Another known technique is that based on evanescent wave sensors. These make use of coherent laser light which is trapped in a very thin layer and creates so-called evanescent electromagnetic fields which extends for a small distance outside the actual physical sensor. This field can interact with molecules attached to the surface of the sensor. This evanescent excitation or interaction is limited to a region very close to the vicinity of the waveguide, typically 0.5 microns for visible light from the surface. The evanescent fields remain localised spatially and do not transfer their stored energy to other regions. The interaction of the laser light with the molecules can be used in a number of different ways. These include:
1 Detection of luminescence induced by the evanescent field.
2 Detection of changes in refractive index which occur when molecules of a sample bind to capture molecules.
3 Detection of surface plasmon resonance.
One particular sensor which uses an evanescent field is known as a planar waveguide sensor. The planar waveguide sensor comprises a planar substrate having formed thereon a thin wave guiding layer. Part of the wave guiding layer incorporates a grating onto which laser light is incident and from which the laser light is launched so that it propagates through the waveguide layer to a sensing region remote from the grating. The waveguide sensor can be either used in a mass sensitive mode (cf. 2, 3 above), or with superior sensitivity in combination with luminescence excitation and detection (cf. 1 above). Capture molecules are immobilised on the sensing area and the analyte (sample) is then brought into contact with the sensing area/capture molecules in the presence of added labelled molecules with similar affinity (competition). Alternatively, analyte molecules may bind to immobilised capture molecules and fluorescence labels are introduced by reaction of a further labelled species with the captured analyte molecules. Laser light launched into the waveguiding layer leads to evanescent excitation of the fluorophores which then allows the quantification of the analyte. The emitted fluorescence is detected and the intensity of the fluorescence provides an indication of the interaction that has occurred between affinity partners present in the analyte and the immobilised capture molecules. It should be noted that in this type of arrangement the laser radiation propagates inside the waveguide over relatively long distances and the coupling grating and the sensing areas are geometrically separated. (See WO 95/33197 and WO 95/33198).
EP-0 455 067 A2 describes a planar waveguide sensor exploiting the detecting principle of refractive index changes. The platform shallow grooves formed over the entire platform couple polarised, coherent light into the transparent waveguiding layer where it is coupled out after some distance. The angle of the outcoupled beam changes when analyte molecules bind to capture molecules.
Another example of the refractive index type is given in U.S. Pat. No. 5,738,825. The platform contains individual gratings being in contact with the wells of a microtiter plate.
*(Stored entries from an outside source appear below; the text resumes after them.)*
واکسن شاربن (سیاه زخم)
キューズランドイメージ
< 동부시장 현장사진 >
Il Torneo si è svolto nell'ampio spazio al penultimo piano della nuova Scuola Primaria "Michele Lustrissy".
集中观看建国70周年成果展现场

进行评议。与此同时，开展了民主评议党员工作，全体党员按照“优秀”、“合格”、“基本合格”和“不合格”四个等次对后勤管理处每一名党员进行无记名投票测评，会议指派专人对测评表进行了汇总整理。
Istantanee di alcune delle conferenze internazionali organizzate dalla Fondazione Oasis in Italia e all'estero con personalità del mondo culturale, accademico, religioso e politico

EP 178 083 discloses Surface Plasmon Resonance (SPR) in which the energy of incoming photons is converted to electrical energy as a surface plasmon wave. The sensor architecture requires a metal layer in contrast to the platform of the present invention, and the amount of reflected light at the critical angle is, or approximates to, zero in contrast with the present invention in which the reflected intensity reaches almost 100%.
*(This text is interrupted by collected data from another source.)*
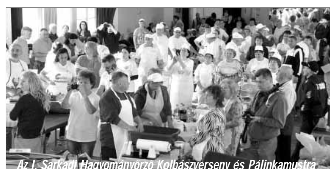
Az I. Sarkadi Hagyományörző Kolbászverseny és Pálinkamustra
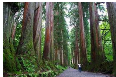
戸隠神社・奥社の杉並木
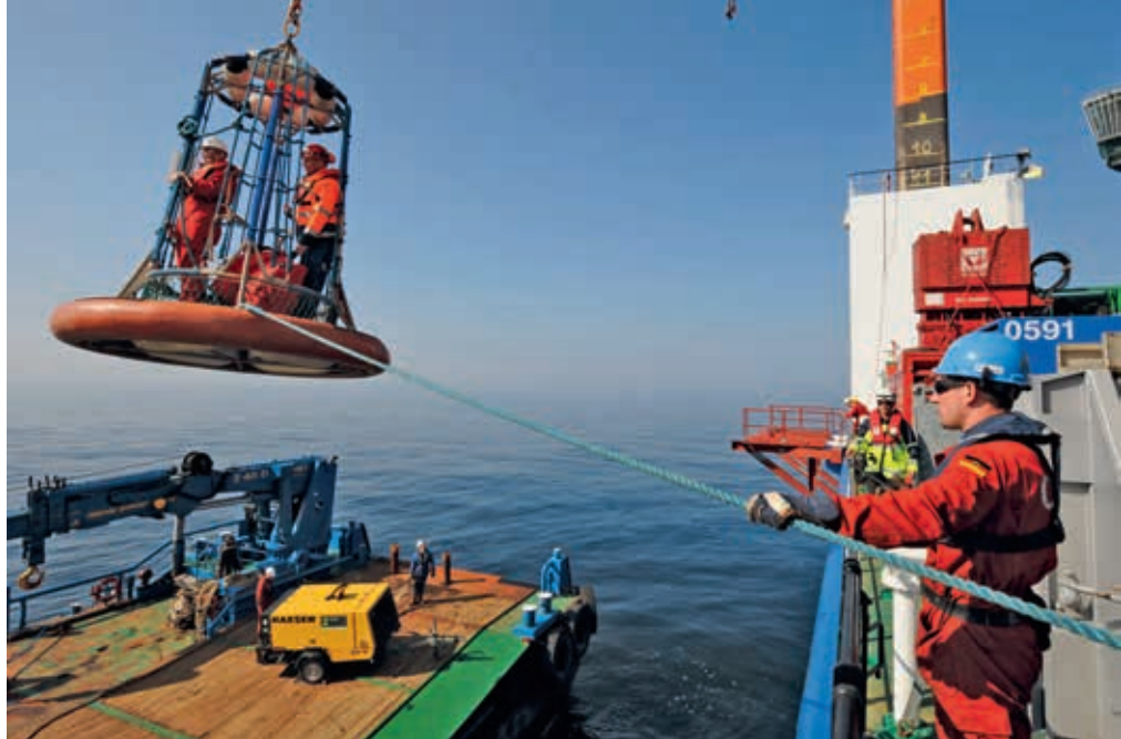
Das Übersetzen im Personenkorb erfordert Erfahrung und die richtige PSA (Persönliche Schutzausrüstung gegen Ertrinken und Absturz). Und nur selten ist die See so ruhig wie auf diesem Bild.

Auch für Baustellen an Land gilt, dass bei starkem Wind nicht montiert werden kann. Aber auf See gibt es häufiger stärkere Winde und Wellen. So spielt die Überwachung des Wetters auf den Hochseebaustellen eine große Rolle. Die eigenen meteorologischen Kenntnisse der Nautiker sind gefragt wie selten in der modernen Seefahrt.

All the above techniques suffer from various disadvantages. Some are very slow because each sample has to be excited individually. Others such as the planar waveguide allow excitation of more than one sample at a time, but do not provide entirely reliable results because of fluorescence crosstalk between different capture elements and locally varying excitation light intensities due to losses of the waveguides and local variations of coupled power due to variations of grating coupling efficiencies.
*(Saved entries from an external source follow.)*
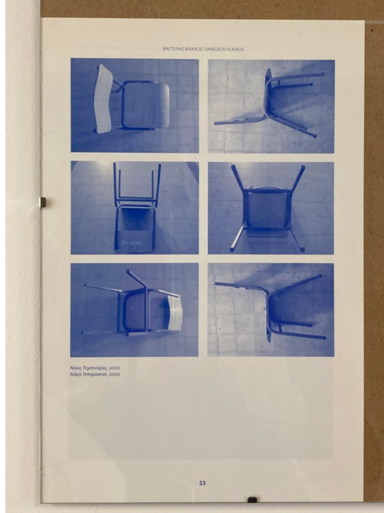
- Værk af kunstneren Vlangelis Vlahos "I wake from history, alive," Tavros
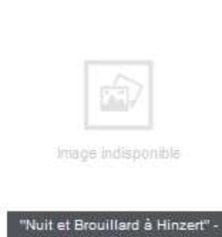
"Nuit et Brouillard à Hinzert" - Livret
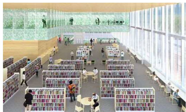
令和元年5月 大宮図書館の移転

The present invention is concerned with a technique which allows multiple samples to be analysed simultaneously in an extremely sensitive, reliable, and quantitative manner.
In contrast to planar waveguide sensors, the present invention shows no luminescence crosstalk and local light intensities are well defined. The present invention allows true multiplexing, i.e. the transducer requires no stacked substructure (as is the case for planar waveguides) and can be seen as a universal platform, where, depending on the requirements, size and number of recognition elements can be varied within the technical feasible limitations, without requiring changes in the chip structure (corrugated areas and sensing areas are not separated as is the case for planar waveguides). In addition, the invention delivers about 100 fold stronger luminescence intensities compared to prior epifluorescence techniques. The experimental set-up is very simple and requires solely a simple adjustment of the angle of the incident light beams The transducers described in the present invention, can be easily adapted to conventional fluorescence microscopes, confocal microscopes, and laser scanners. Furthermore, for transducers with a broad resonance width (defined as Full Width at Half Maximum, FWHM) and a resonance position at or close to normal incidence, angle adjustments are obsolete.
The production process of the platform is relatively simple (cheap) and the performance of existing systems (i.e. fluorescence scanners, microscopes, fluorescence microtiter plate readers, . . . ) can be easily increased by modest modifications of the respective set-ups.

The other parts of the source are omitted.